Finding closure: Lowering the costs of cell and gene therapies

Fully closed and automated platforms are key to reducing the current high costs of cell and gene therapy manufacturing, say industry experts.

Cell and gene therapies (CGTs) have come a long way over the past two years, resulting in two chimeric antigen receptor (CAR) T-cell therapies – Kymriah and Yescarta – and the novel gene therapy Luxturna reaching commercialization.

But now these therapies have proved themselves, the major talking point among delegates at the Phacilitate conference in Miami, Florida last week was how to make these products affordable, with an overall agreement that industry needs to severely reduce the cost of manufacturing.

Anthony Davies said that after investigating the publicly available numbers surround the costs of goods sold (COGS) his firm Dark Horse Consulting realized that whether autologous, allogeneic or pure-play gene therapy, the manufacturing costs are stifling the sector.

“The COGS picture is not good, we feel this is a significant driver of pricing and we don’t feel that unreasonable margins are being applied by companies to their approved products. But we do feel that for those prices to come down, something serious has to be done about COGS.”

  • Novartis’s Kymriah (tisagenlecleucel) launched at $475,000
  • Gilead’s Yescarta (axicabtagene ciloleucel) launched at $373,000
  • Next generation cell and gene therapies could have prices 10 times more. AveXis’ Zolgensma (onasemnogene abeparvovec) estimated to have a price in the range of $4 million to $5 million per patient if commercialized

A panel of experts concurred, and while Nicolas Danzenbächer, senior product manager at Miltenyi Biotech, suggested the high price of some production could be reduced through “optimization and clever planning,” he said the key areas for manufacturers to focus on are closed and automated systems.

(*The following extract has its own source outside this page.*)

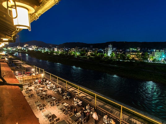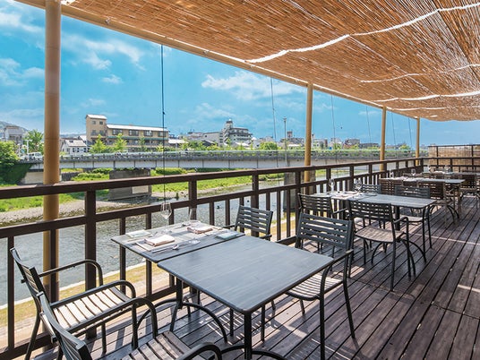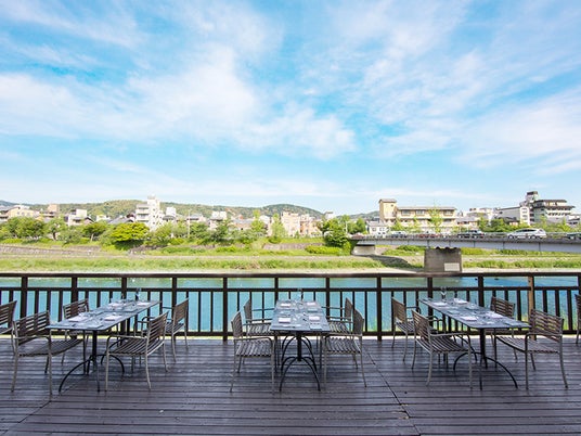 鴨川沿い最大級の開放的な川床席で京フレンチを堪能できる

“There are no complete closed systems as yet,” he said, but “from a vendor’s perspective, the closer you get with the process being as closed as possible, the lower your COGS will be.”

David Kneen, VP of Cell Therapy at product development services firm Invetech, agreed, adding that closed systems have a “massive impact on robustness and therefore on COGS, but this is mostly driven by the ability to get high capacity utilization out of whatever equipment you are using.”

Standardization and lack of platforms

And while Chris Mason, CSO of early-phase gene therapy firm AvroBio and founding member of the Alliance for Regenerative Medicine (ARM), confirmed that “closed and automated are the future,” he warned that the lack of standardized platforms is holding the space back.

“We’re going to get to the point where manufacturing in a closed based system will have to standardize or it’s just not going to allow this industry to grow and realize its full potential,” he said. However, before standardization can take place there needs to be more technology offerings available.

“At the moment we don’t have enough closed systems – I’m struggling to name more than about four or five! [The sector] is so small, so we are going to have to see a bit of an explosion in technology in the closed system space to come up with the next generation.”

But while there is still much work to bring closed and automated systems on board and lower manufacturing costs, the panel took some solace in the fact that in the early days of monoclonal antibody production a gram of drug substance cost over $30,000 to make. Today a gram costs just a few dollars.